═════ DATA EXTRACT

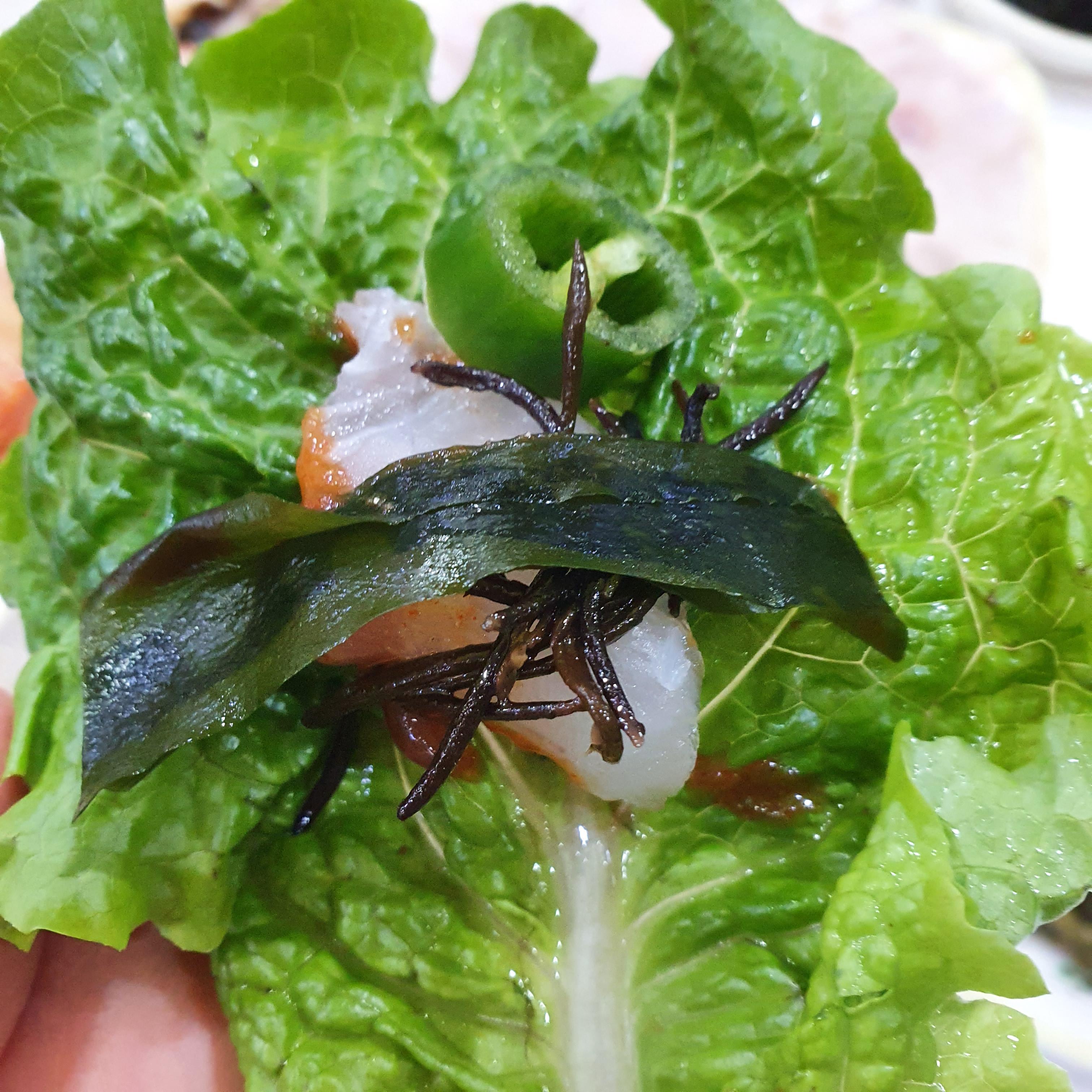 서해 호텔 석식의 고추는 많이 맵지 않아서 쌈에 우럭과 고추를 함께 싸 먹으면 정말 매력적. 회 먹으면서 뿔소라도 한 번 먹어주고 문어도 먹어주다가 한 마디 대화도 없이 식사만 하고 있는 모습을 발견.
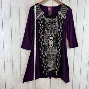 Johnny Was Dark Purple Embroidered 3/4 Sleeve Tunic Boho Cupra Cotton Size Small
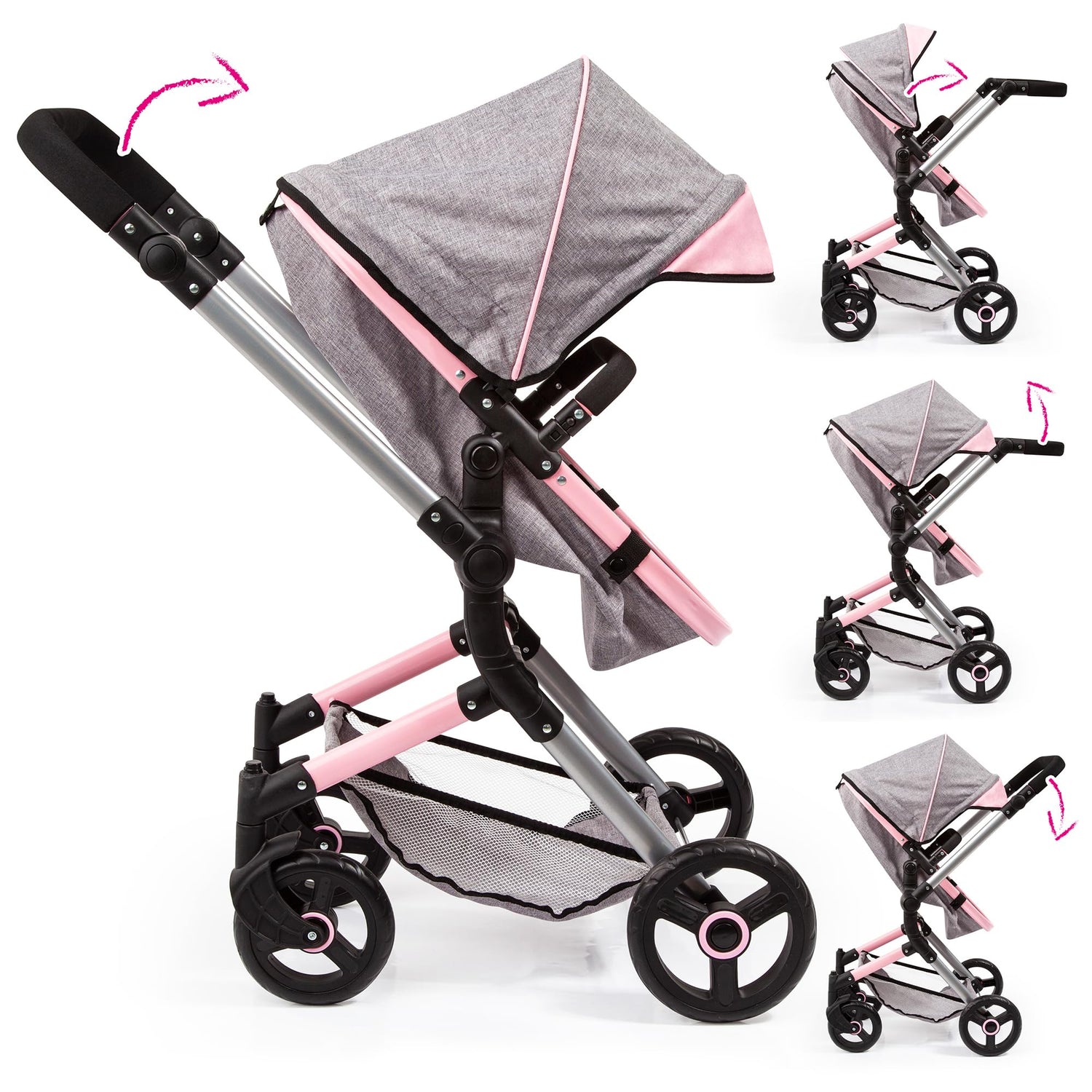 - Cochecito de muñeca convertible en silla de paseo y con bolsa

══════════

**WORK REQUEST**
The material shown above is to be repeated verbatim, and its pictures are to be omitted.

**WRITTEN ANSWER**
 서해 호텔 석식의 고추는 많이 맵지 않아서 쌈에 우럭과 고추를 함께 싸 먹으면 정말 매력적. 회 먹으면서 뿔소라도 한 번 먹어주고 문어도 먹어주다가 한 마디 대화도 없이 식사만 하고 있는 모습을 발견.
 Johnny Was Dark Purple Embroidered 3/4 Sleeve Tunic Boho Cupra Cotton Size Small
 - Cochecito de muñeca convertible en silla de paseo y con bolsa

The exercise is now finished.